Now, if you'll excuse me, I need to go ask AI to write my performance review. Kidding! (Or am I?)
Bonus! Tools to Use and a “Forever” Prompt
While any tools can help you accomplish the above, I’d love to suggest a few favorites:
- Lex for Writing (Google Docs + AI)
- Use Lex to quickly draft and refine product requirement documents, feature specs, and team communications with AI-assisted writing and editing capabilities.
- Perplexity.AI for Search and General AI (be sure to update its “focus” accordingly for when you want to refine its scope)
- Leverage Perplexity.AI to conduct rapid market research, gather competitive intelligence, and generate initial ideas for product features or improvements.
- Claude for Coding and Artifact Generation (it can even help whip up Figma designs if you’re keen!)
- Employ Claude to create mockups, generate sample code snippets for technical discussions, and even produce rough Figma designs to visualize product concepts quickly.
- Zapier for tying everything together
- Utilize Zapier to automate routine tasks, such as syncing data between tools (e.g., Asana, Google Sheets, Jira), scheduling follow-ups, or creating custom workflows that integrate AI outputs into your existing product management processes.
Finally, I do have one baseline prompt that I always go back to if/when I need a solid foundation to work off of. Feel free to use and steal as you like:
You are an experienced product manager skilled in communicating technical and business concepts. You work at COMPANY, the COMPANY DESCRIPTION, on their FUNCTIONAL team. One of your key responsibilities is writing product requirements documents that are easily understood by other team members across design, engineering, customer experience, data, and legal teams.

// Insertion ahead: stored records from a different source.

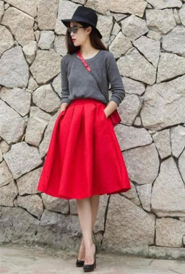 酒红色半身裙搭配】酒红色半身裙搭配提升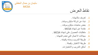 توفر الشهادة MCSA من مايكروسوفت تأهيلاً احترافياً في إدارة الأنظمة والشبكات، حيث تتطلب اجتياز عدة امتحانات. تغطي الشهادة متطلبات تشغيل أنظمة مايكروسوفت وتطبيقاتها، وتعتبر ذات قيمة عالية في سوق العمل. مايكروسوفت، إحدى أكبر شركات التقنية، تأسست عام 1975 وتقدم مجموعة واسعة من المنتجات والخدمات.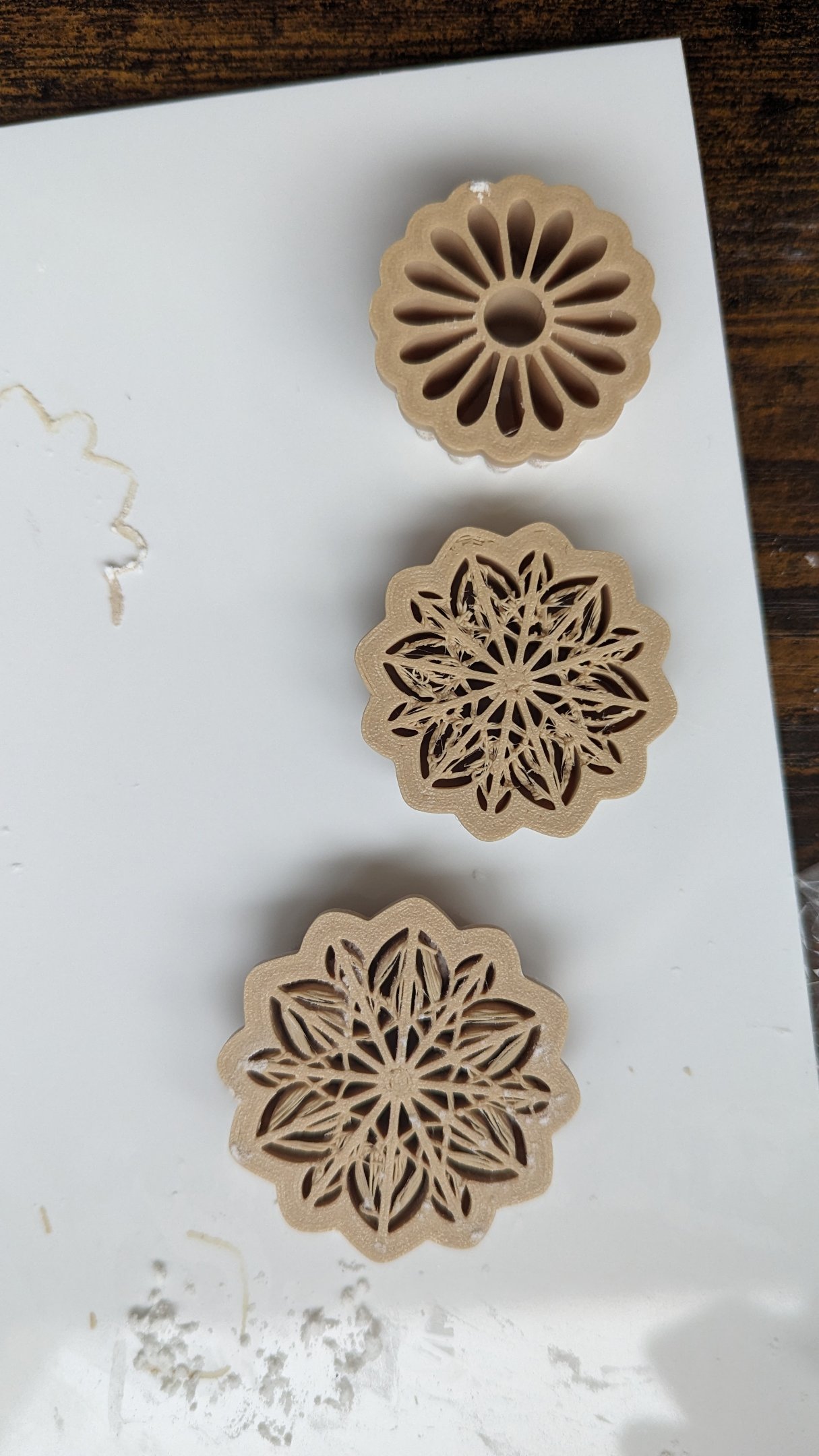 @3DWim Bedankt, de ontwerpen kloppen. Deze komen bij een bekende verkoopster vandaan. Daar kocht ik eerder de mallen/vormen kant en klaar. Polymeerklei valt mee en kan met PLA prima doorgedrukt worden. Het gaat mij meer om de puntjes op de i. Dus minder moeten polijsten van de vormen na het afbakken. Hoe fijnere snijrand hoe minder werk naderhand.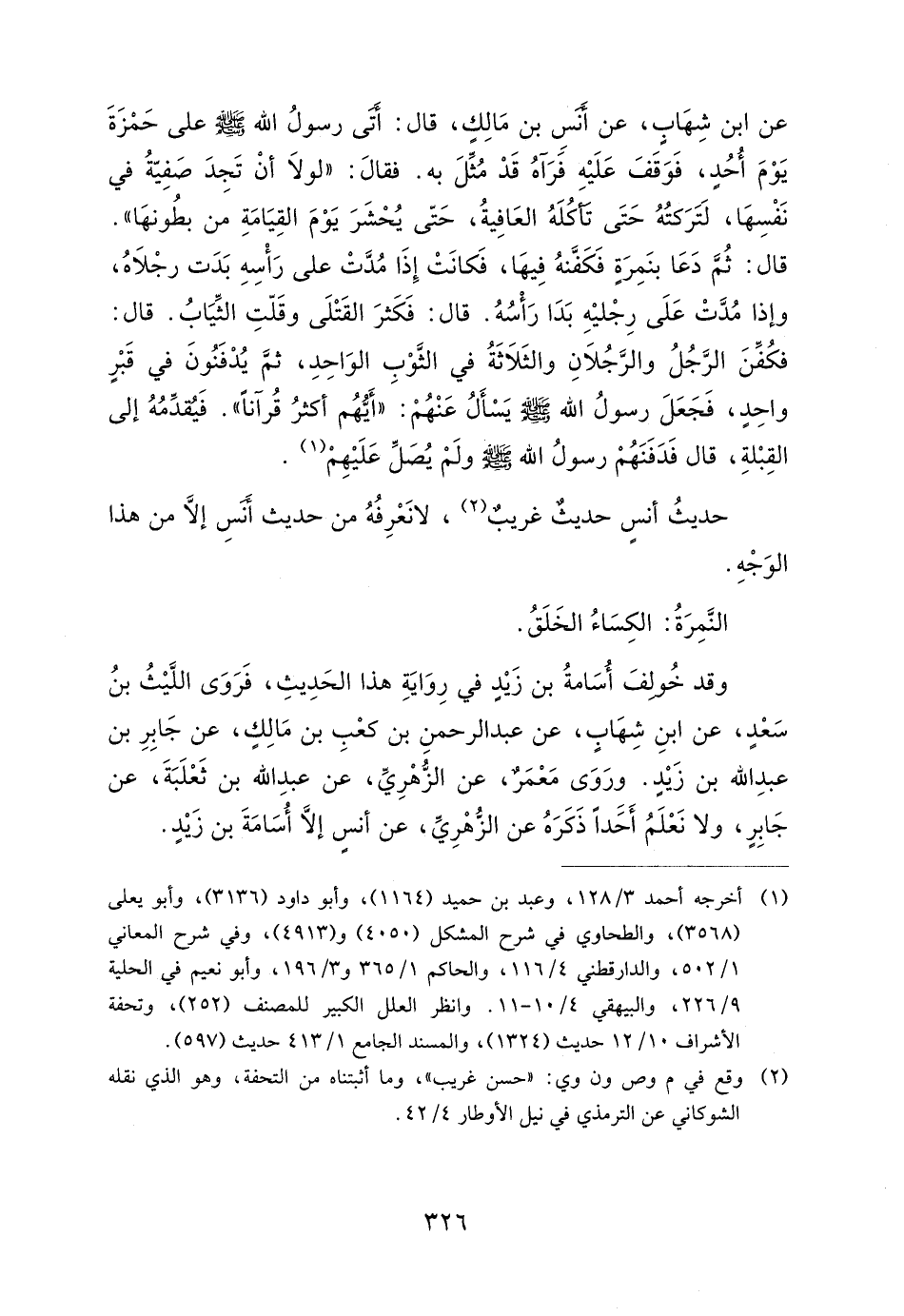 1016 - حَدَّثَنَا قُتَيْبَةُ، قَالَ: حَدَّثَنَا أَبُو صَفْوَانَ، عَنْ أُسَامَةَ بْنِ زَيْدٍ، عَنِ ابْنِ شِهَابٍ، عَنْ أَنَسِ بْنِ مَالِكٍ قَالَ: أَتَى رَسُولُ اللهِ صَلَّى اللَّهُ عَلَيْهِ وَسَلَّمَ عَلَى حَمْزَةَ يَوْمَ أُحُدٍ، فَوَقَفَ عَلَيْهِ فَرَآهُ قَدْ مُثِّلَ بِهِ، فَقَالَ: لَوْلاَ أَنْ تَجِدَ صَفِيَّةُ فِي نَفْسِهَا، لَتَرَكْتُهُ حَتَّى تَأْكُلَهُ العَافِيَةُ، حَتَّى يُحْشَرَ يَوْمَ القِيَامَةِ مِنْ بُطُونِهَا.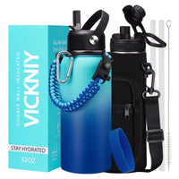 - Q: What is the capacity of the VICKNIY insulated water bottles? A: The VICKNIY insulated water bottles come in three sizes: 32 ounces, 40 ounces, and 64 ounces.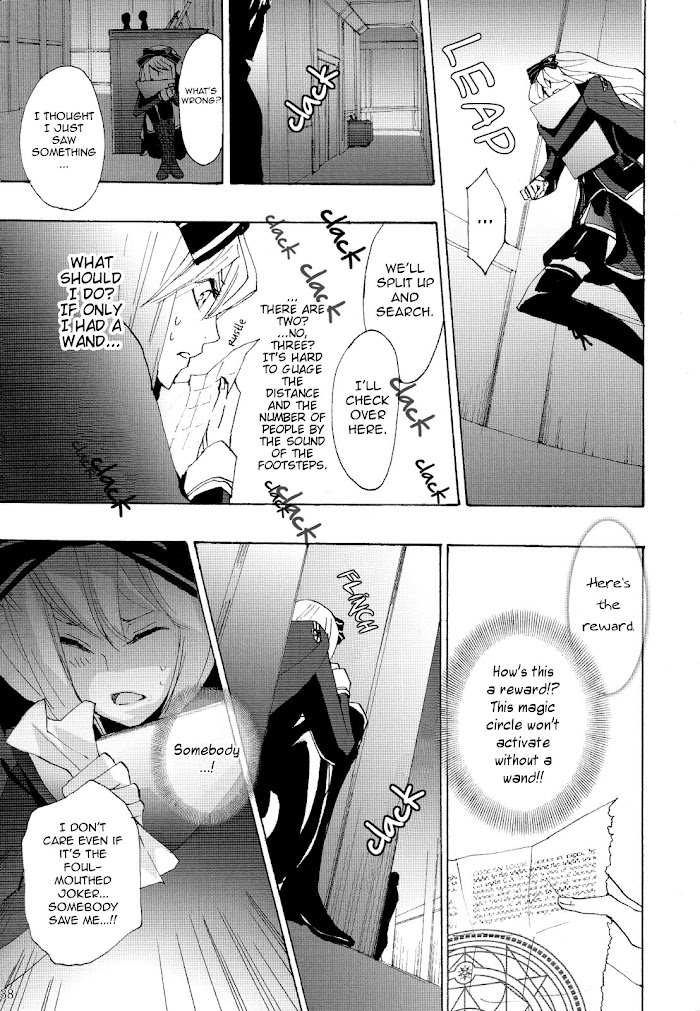 Omochabako no Kuni no Alice Special Deluxe Edition Booklet manga summary: This volume contains two stories that follow the Omochabako no Kuni no Alice fan disk which is part of the Heart no Kuni no Alice series (aka Alice in the Country of Hearts). Alice and the role holders have been placed into a magical parody setting. Some are students and some are teachers at the prestigious magic school, Symphonia.Chp 1 - Elliot StorySummary: N/AChp 2 - Joker StorySummary: On her way to become a witch, Alice must study plenty of difficult texts and exercise many different abilities. One day while she is struggling to comprehend the art of summoning, Black Joker comes along with his own special brand of advice.> Part of the Heart no Kuni no Alice / Clover no Kuni no Alice series( http://www.batoto.net/search?name=Alice&name_cond=c&artist_name=QuinRose&artist_name_cond=is )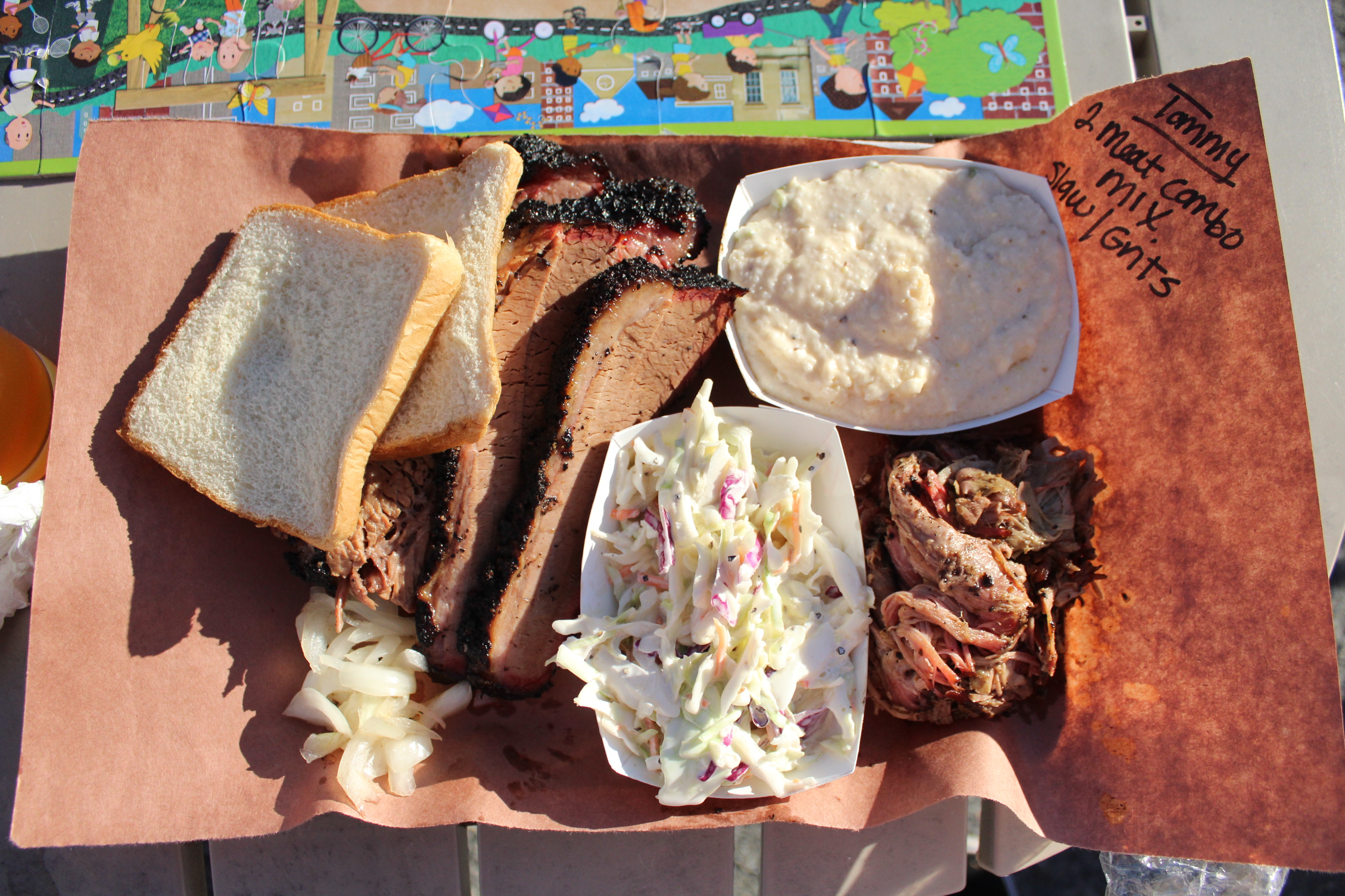 Order: Two meat platter (brisket and pulled pork) with coleslaw and jalapeno cheddar grits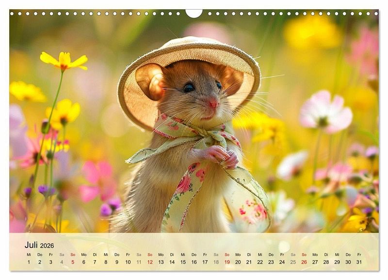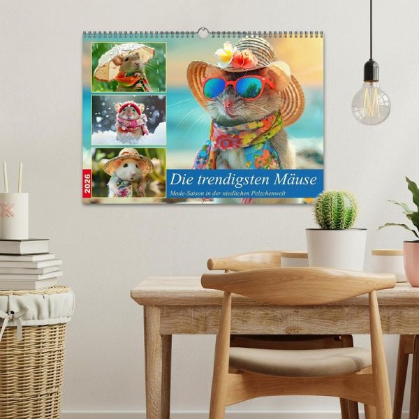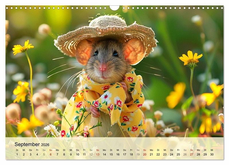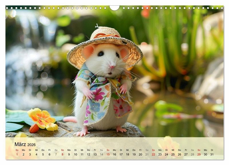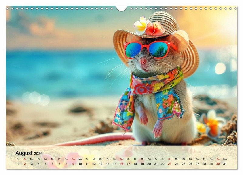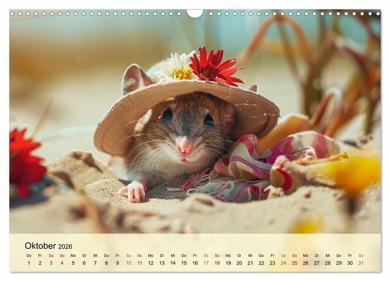Erfreue dich an der aufregenden Welt der Mäuse-Fashion. Mit diesem lieblichen Kalender, der mit Hilfe von KI erstellt wurde, hat man das ganze Jahr über Vergnügen! Die pelzigen Models haben die unterschiedlichsten Orte erobert - sei es am sonnigen Strand, am Wasser, im Schnee, oder in der grünen Natur. Lass dich von ihrem bunten Stil inspirieren, denn die Mäuse wissen einfach, wie man sich gut kleidet und dabei jede Menge Spaß hat! Mach dein Jahr zu einem modischen Fest und erfreue dich an den charmantesten Nagetieren der Welt!"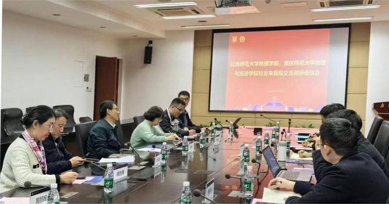 2025年11月3日下午,云南师范大学地理学部党委书记周妍、主任陈光杰、副主任孙俊等一行到访麻豆视频 。学院党委书记鹿化煜教授、党委副书记毛予倩、副院长金晓斌教授、刘绍文教授等参加交流。副院长周雨霁主持交流会议。
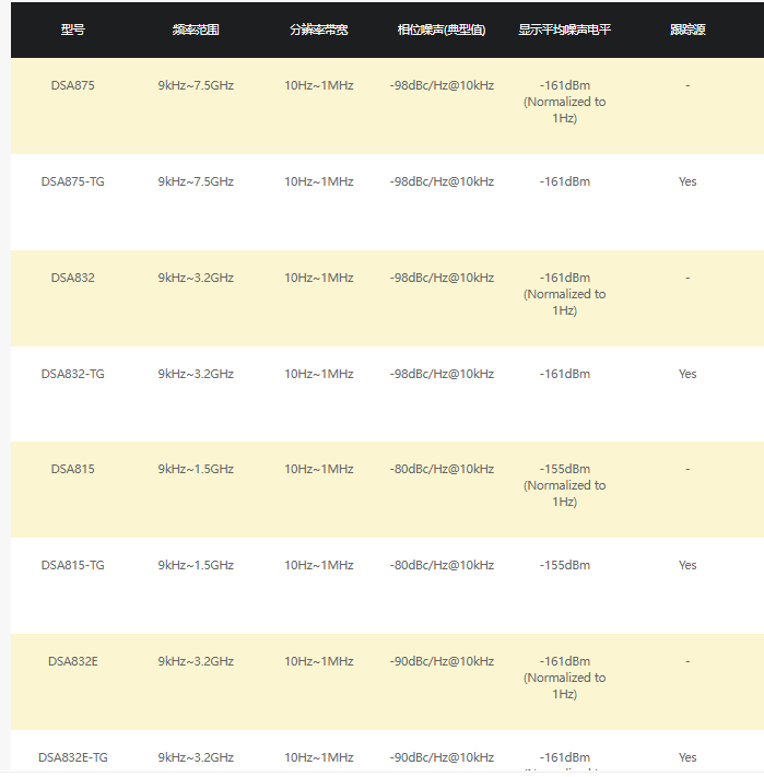微弱信號的測試容易受到頻譜儀本身的本底噪聲影響。DSA800系列顯示平均噪聲電平低至-161dBm,可以有效保證對微弱信號的測試能力。

When you write, it is important that your content has an authentic, casual, and clever tone. It is key that the writing is concise, witty, and professional. Your content should focus on the specifics of the problem statement provided, but come up with creative ideas for the user experience, ways to expand the feature, etc. Your content should be precise, confident, and easy to understand. The quality of the writing should be 11/10. Please confirm that you understand this role and the goal. We will then dive into specific problem statements.
Hat-Tips
A lot of this work above has been said before by folks much smarter than me. Specific inspiration on some of the prompts has been pulled from Siqi Chen’s Prompt Engineering content, and just as much was supported by Allie Miller’s work.